Waiting for Giovanni

The Annual AfroSolo Arts Festival will do a public reading of my new play, “Waiting for Giovanni,” at the African American Arts and Culture Center, (August 8th, 762 Fulton Street, San Francisco, 3 PM). It’s free and the lovely intimate theatre seats a nice number of people…enough to create a real theatre experience but small enough to facilitate post-reading discussion.

The play, in develoment for about 4 years, is not biographical but rather more of a dream play designed to evoke an artist’s state of mind when he is confronted with a major threat to his personal integrity and his ability to make a living. When James Baldwin wrote the novel, “Giovanni’s Room,” many in publishing and in the Civil Rights Movement thought the short book about the tragic love affair between two men (not Black) in Paris would ruin his career. Yet he felt compelled to tell the story. About love, hope, class and conscience, the story is both poetic and heartbreaking.

I use this specific moment…as he struggles with how to respond to this threat…as a way to explore how any of us might respond to being pulled in so many directions. Our readers, publishers, editors, agents all have an idea of where we should be going with our work. How often does that correlate with what we, in our hearts, need to write about? How much compromise can we honestly make? How open can we be about who we are in our writing and hope to find a publisher?

As I wrote my most recent novel I had to think about whether the main character should even be a lesbian if I wanted the book to be bought by a mainstream publisher.

The dilemma goes beyind simply being a writer or artist. Our social conscience is perpetually challenged by every day needs and demands. As we get older how do we stay true to our beliefs? Our personal satisfaction is closely tied to our social conscience, or at least it used to be. Being a lesbian seems so easy sometimes, especially in the Bay Area. Being a woman—most of us take that for granted. But the culture isn’t hospitable to us. How can we make it more so for those who come after us?

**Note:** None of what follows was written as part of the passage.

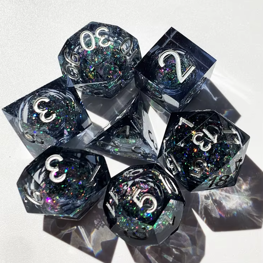 NEBULA 7-DIE SET GELATINOUS/WHITE$13.95This set contains 8 Nebula® Gelatinous™ dice with white numbers with the following shapes: 1 x 4-sided die 1 x 6-sided die 1 x 8-sided die 1 x 10-sided die 1 x tens 10-sided die 1 x 12-sided die 1 ...
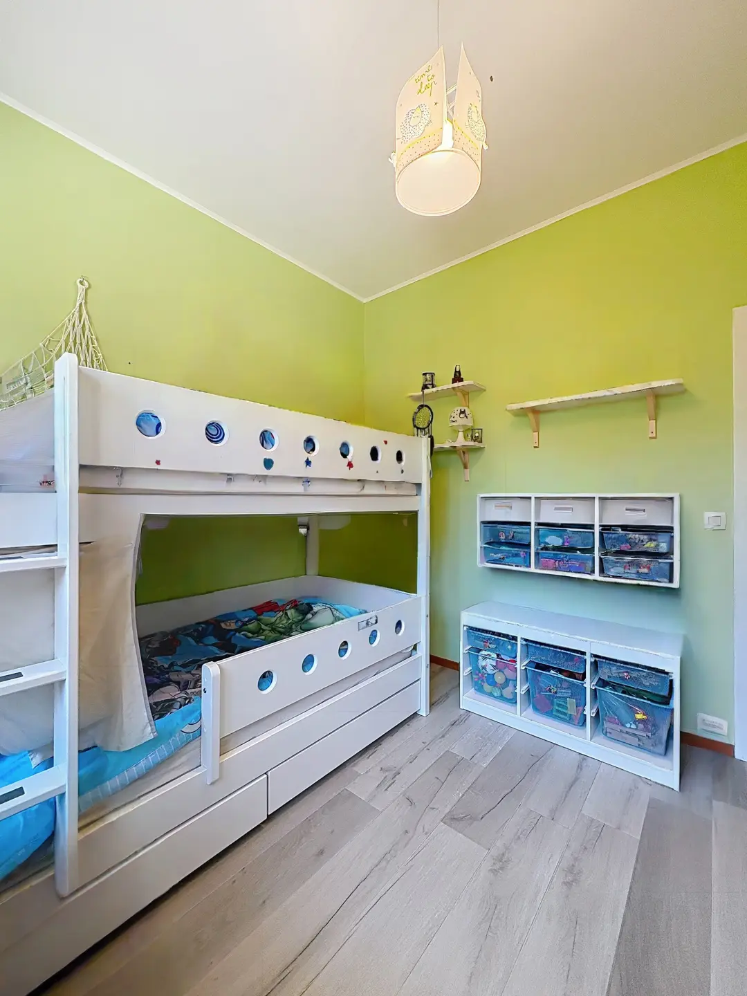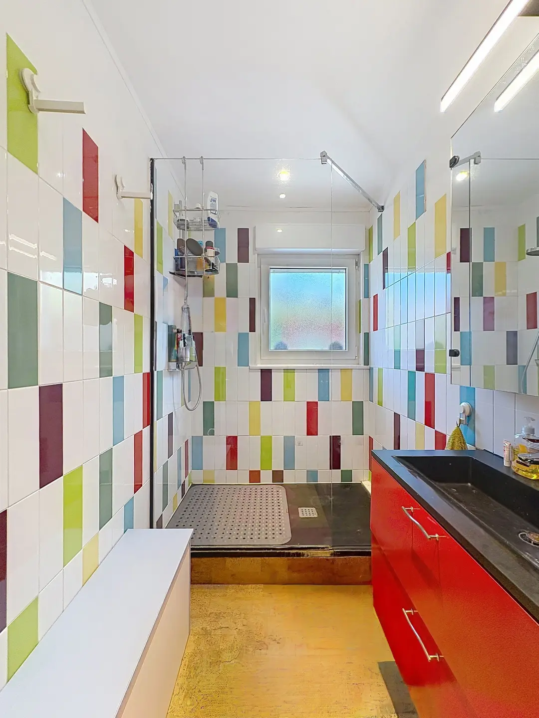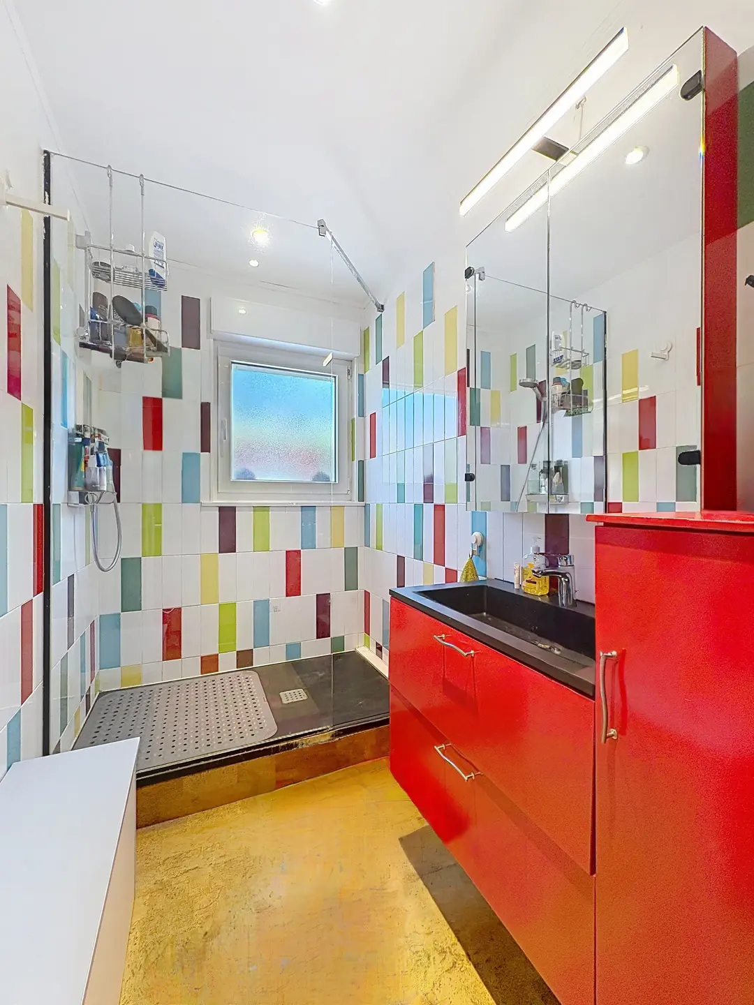 Il se compose : d'un grand hall d'entrée de +/- 10,5 m² donnant accès à un vestiaire et un WC séparé, d'un agréable séjour de +/- 40 m² avec feu ouvert, d'une grande cuisine super-équipée de +/- 10 m² avec un espace buanderie, d'un magnifique jardin avec terrasse exposé Est de +/- 40 m², d'un hall de nuit desservant une salle de bains de +/- 4 m² ainsi que 2 chambres à l'arrière de 13,5 m² et 10 m² + 1 grande cave de +/- 11 m². Un garage box fermé en supplément à 40 000€. Local vélo, local poubelle.

James Baldwin was a brilliant thinker and writer whose fiction and essays are classic American literature. He was an amazing jumping off point to write about these ideas. Lorraine Hansberry faced a similar dilemma in her career as well. My hope is the play will send people back to Baldwin’s work and other classic queer Black writers and that it will inspire us to re-commit to social activism in our lives and our writing.